Rh sensitization is an antibody response that may occur when a woman with Rh-negative blood has been exposed to blood from her Rh-positive fetus. Once she is sensitized, her immune system can make antibodies that can destroy Rh-positive red blood cells.
An Rh factor (Rh antigen) is one of the markers on the surface of red blood cells that the immune system can recognize. A person whose blood contains the Rh factor is Rh-positive. A person whose blood does not contain the Rh factor is Rh-negative.
Most women who become sensitized do so during childbirth, when their blood mixes with Rh-positive fetal blood. However, blood mixing sometimes occurs during a miscarriage, an abortion, or an injury (especially to the woman's abdomen).

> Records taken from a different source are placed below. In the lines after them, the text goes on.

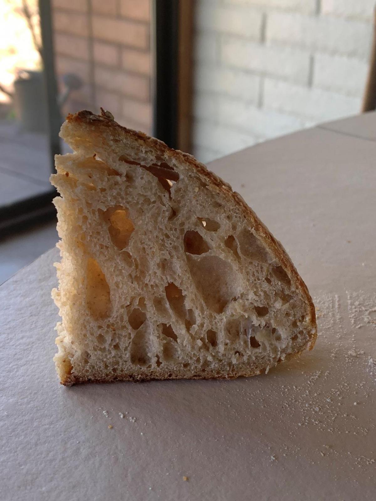 Earlier this week and came across Bob's Red Mill Scottish Oatmeal. The oats are still stone ground but are much finer. In my latest attempt I cooked the porridge and then added it with my salt after a fake-autolyse (flour, water, and leavain.) I patiently let the dough bulk longer than usual at 4 hours ( I'm high altitude and hot house), and let the final proof overnight in the fridge. The results have been my best so far! The crumb was (Actually!) custardy without being gummy and the oats disintegrated and imparted a definite nutty flavor. Shaping super wet dough still needs practice and I think I will let the bulk go on a little longer next time. Regardless, this has been such a difficult bread to tackle and it's nice to see progress!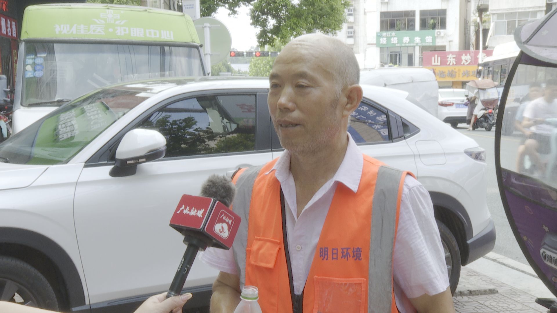 环卫工人:“这么热的天气,看到这些免费的水,除了解渴,更多的是感动。”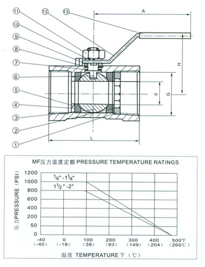 溫度范圍:MF-40~232℃ -40~500℉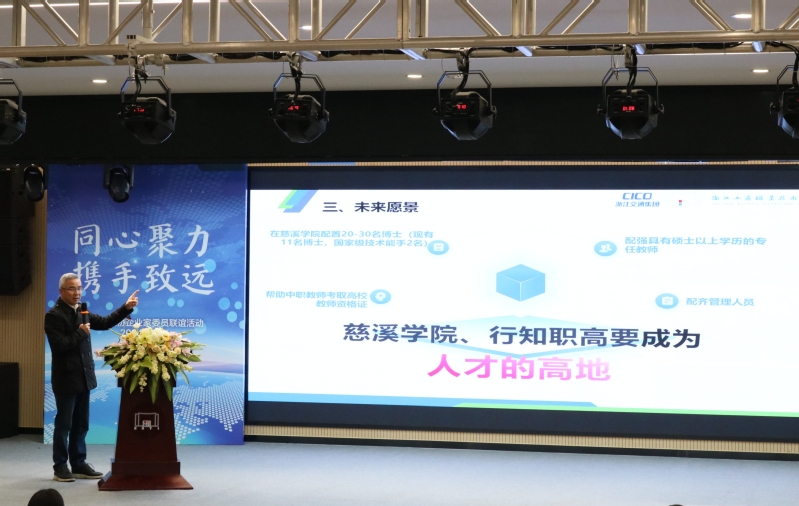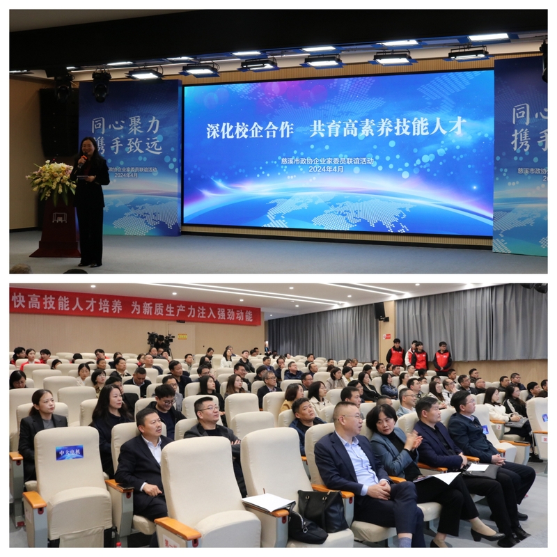 在全省加快构建现代职业教育体系的号召下,为贯彻落实好慈溪市市长章程批示精神,围绕慈溪市政协“关于以高职为突破口 聚力引育技能人才的建议”的提案,4月8日,慈溪市政协在我校慈溪学院召开2024年慈溪市政协企业家委员联谊活动(以下简称“活动”),政校企三方聚焦“深化校企合作,共育高素养技能人才”,提痛点、想办法、找出路,合力推进校企合作和慈溪市区域中高职一体化人才培养。

Rh sensitization is no danger to the pregnant woman and usually is no harm to the first Rh-positive fetus. However, future Rh-positive fetuses are in danger of having their red blood cells destroyed before birth by the pregnant woman's immune system. This danger can usually be prevented by giving the Rh-negative woman an Rh immune globulin injection (such as RhoGAM) at 24 to 28 weeks of pregnancy, and after delivery if the baby is Rh-positive.
An Rh-negative woman can only become pregnant with an Rh-positive fetus if the father is Rh-positive.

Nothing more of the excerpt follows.